Environmental Law Outline
Fall 2009 Infelise
 
 
I.                    Introduction and Perspectives
a.       Environmental law is concerned with impacts on the natural environment
                                                               i.      Although some environmental laws are concerned about human health effects, the laws are concerned only about human health effects resulting from impacts on the natural environment
                                                              ii.      common denominator for environmental law is ecological injury
b.       Features of ecological injury that render its redress through law especially difficult – Lazarus (p. 3)
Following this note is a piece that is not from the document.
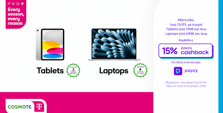15% επιστροφή της αξίας των αγορών τους σε ευρώ (cashback) κερδίζουν οι καταναλωτές που θα αποκτήσουν tablet ή και laptop[1] με κάρτα payzy στα καταστήματα της COSMOTE TELEKOM και ΓΕΡΜΑΝΟΣ σε όλη την Ελλάδα, αλλά και στα cosmote.gr και germanos.gr. Η προσφορά ισχύει μέχρι και τις 15 Μαρτίου 2026, για κάθε αγορά tablet αξίας 199€ και άνω και laptop αξίας 499€ και άνω[2].

                                                               i.      Irreversible, catastrophic, and continuing injury
1.       continuing nature Þ harm is dynamic, not static, e.g., an oil spill addressed quickly may be confined to manageable dimensions, but if not quickly addressed, may rapidly and exponentially increase in scope to overwhelming dimensions
                                                              ii.      Physically distant injury
1.       often not physically confineable, so actions in one location may have adverse effects in very distant locations
                                                            iii.      Temporally distant injury
1.       Harm is often not imminent, and may be realized only in the distant future
                                                            iv.      Uncertainty and risk
1.       Inability to know beforehand the environmental impact of certain actions, and to apprehend, after the fact, what precisely caused certain environmental impacts
2.       Thus environmental laws that seek to prevent harm are directed at risk rather than actual impact, and that environmental laws that seek to assign responsibility for harm that has already occurred are limited in their ability to do so
3.       Also unclear what preventive measures will be effective to deal with the problem
                                                             v.      Noneconomic, nonhuman character
1.       not readily susceptible to monetary valuation and may be unconnected to any human injury
c.        Precautionary principle—Principle 15 of the 1992 Rio Declaration on Environment and Development stated, “Where there are threats of serious or irreversible damage, lack of full scientific certainty shall not be used as a reason for postponing cost-effective measures to prevent environmental degradation” (p. 6)
                                                               i.      Shifts the burden of proof from regulators to the proponents of environmentally risky activities
                                                              ii.      The question of who should bear the burden of proof in environmental decisions depends on the relative values you assign to economic activity and the environment
d.       Insights from Ecology – Meyer (p. 7)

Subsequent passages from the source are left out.